PHILOMATH - Overhead lights automatically flicked on as Ron Thiesen walked into a cavernous room, an empty space bigger than a high school gymnasium. He spread his arms wide in a grand gesture.

"This is it," said Thiesen, development director for the Benton County Historical Society and Museum. "This is going to be shelving, wall to wall, floor to ceiling."

The room is where some 95,000 artifacts will be kept, and is the heart of a new $2.5 million collections care facility adjacent to the museum in Philomath.

The public will get a chance to check out the 13,500-square-foot building on Wednesday, when it will be open for public tours from noon to 4 p.m.

The building will be closed to the public starting in mid-January, when office equipment and shelving starts arriving.

"We are going to start moving in artifacts as soon as possible," said Irene Zenev, executive director of the historical society and museum. "The next six months, we're really in the moving mode."
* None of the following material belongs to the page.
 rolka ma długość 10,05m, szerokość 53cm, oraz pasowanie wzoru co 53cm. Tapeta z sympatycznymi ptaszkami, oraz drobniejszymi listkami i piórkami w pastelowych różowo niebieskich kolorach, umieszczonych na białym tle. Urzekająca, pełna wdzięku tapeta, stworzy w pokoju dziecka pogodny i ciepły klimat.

The facility is needed because the historical society is taking possession of the 60,000-item Horner Collection. The Benton County Historical Museum, at 1101 Main St., was nearly out of room for its own 35,000-item collection.

The Horner Museum, which offered a bit of everything and anything, from glowing rocks to a giant stuffed moose, was housed in the basement of Gill Coliseum. It was mothballed by Oregon State University due to budget cuts in 1995, and the historical society has worked for nearly a decade to transfer the items.
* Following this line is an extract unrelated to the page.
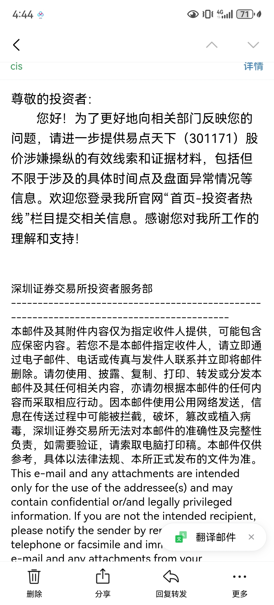 $易点天下(SZ301171)$ 不用感谢我,昨天竞价打跌停的账户已被锁定

John B. Horner, the college professor who created the OSU museum, was the most famous graduate of Philomath College - the building that is now the headquarters of the Benton County Historical Society and Museum.

The historical society also is continuing fundraising for a new museum in downtown Corvallis. Space there would be devoted solely to exhibits, which will include Horner items, rather than storage of artifacts. That building still is "at least a couple years away," Zenev said. "We're not even concentrating on that yet because we need to move the collections," she said.
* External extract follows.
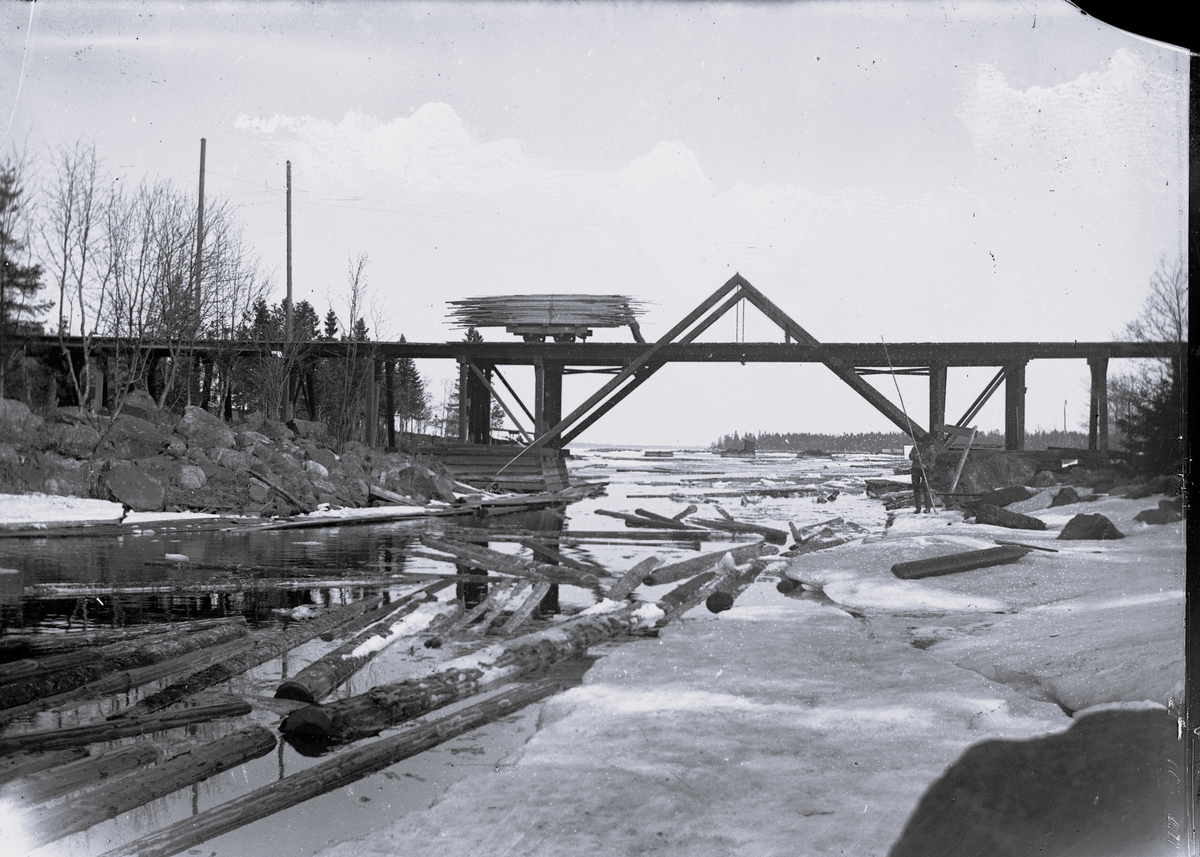 Märkt "Bron. u. Sågen". Vy över en transportbro över timmerstockar och vatten.

The new collections care facility has separate areas for item care and exhibit preparation, and also includes an "arsenic room" with a separate ventilation system to deal with the stuffed and preserved critters from the Horner Collection.

The museum is still fundraising to pay for the cost of the building. About $1 million more still needs to be gathered, Zenev said.

Kyle Odegard can be contacted at kyle.odegard@lee.net or 758-9523.

AT A GLANCE

The Benton County Historical Society's new 13,500-square-foot collections care building will be open for public tours from noon to 4 p.m. Wednesday.

The facility is adjacent to the historical society's museum, 1101 Main St. in Philomath.